This doesn’t mean that the development of a teaching philosophy should exclude considerations of the nature of your average, everyday college student, of course. Because most college students are living in the same campus environment, generalizations can be (and always are, at least subconsciously) made by educators concerning their students. Giving the edge to nurture over nature, we can look to the average college campus to draw conclusions about its average denizen, the American college student in the twenty-first century.

Today’s vast media landscape has a profound effect on college students. When advertising first caught hold in America in the first half of the twentieth century, some were suspicious that it was bringing about the slow stupefying of the American public (many still are). As the number of media outlets expanded through the 1900s, advertising was there every step of the way to finance the ventures of those excited about presenting their product to America through a novel medium. Print, radio, television, and now the Internet have thus become inundated with advertisements on a daily basis. College students, along with every other American equipped with a pair of good eyes, are now daily subjected to hundreds of messages attempting to persuade them to buy this or that product or service. How can professors, who are “selling” a “product” that won’t improve one’s sex life, provide entertainment, or make one’s life easier in any way, shape or form, compete with modern advertisers?

This begs the question of whether professors are responsible for “selling” their material in the first place. To a first approximation, the professor’s material has already been bought and paid for on the first day of class.
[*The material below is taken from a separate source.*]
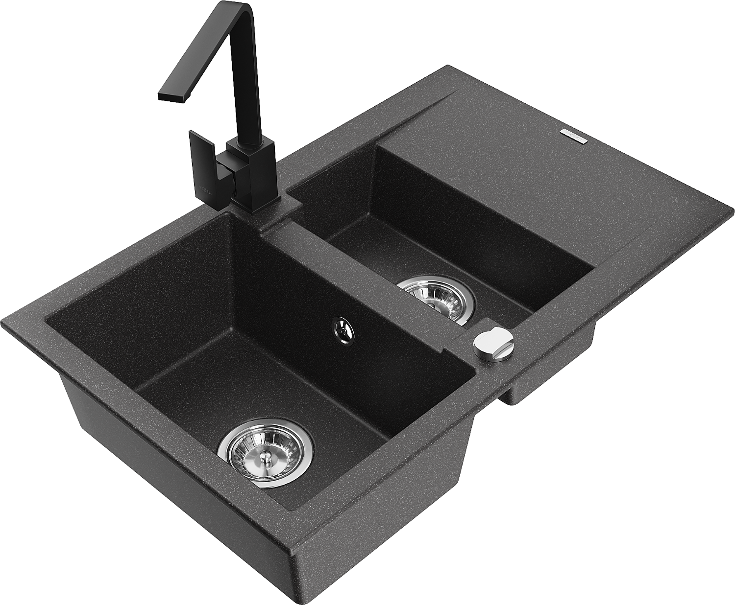 Mexen Gaspar granito plautuvė 1,5 kamerų su nusausintuvu ir virtuviniu maišytuvu Rita, juodas taškuotas - 6507-76-670300-70

Any failure of the student to learn the material is thus a bad economic decision on their part, and no reflection of the professor’s innate ability. And yet if this model were realistic, we’d have no way to distinguish good professors from bad ones! Teaching would become an enterprise quickly turned over by administrators to books, computers, or robots. Education is more than just the material presented—when you buy a book, you pay for material; when you pay for college, you pay to learn. And persuading a student to learn at all is the first step in giving them the education they paid for.

That said, you can’t fault a student for not caring about the overarching goals of a field of study. If after sufficient exposure a student doesn’t care about the fundamental nature of materials and how to transform them, even the world’s greatest chemistry professor can’t help him out. The interesting problem for the frustrated professor, on the other hand, is figuring out what exactly constitutes “sufficient exposure.” Getting bogged down in justifying one’s field during lecture is a sign of weakness that today’s students will, I must harshly admit, ravenously exploit; at the same time, diving directly into the esoterica of molecular structure and reactivity is unlikely to capture many imaginations. Where does the position of this equilibrium lie?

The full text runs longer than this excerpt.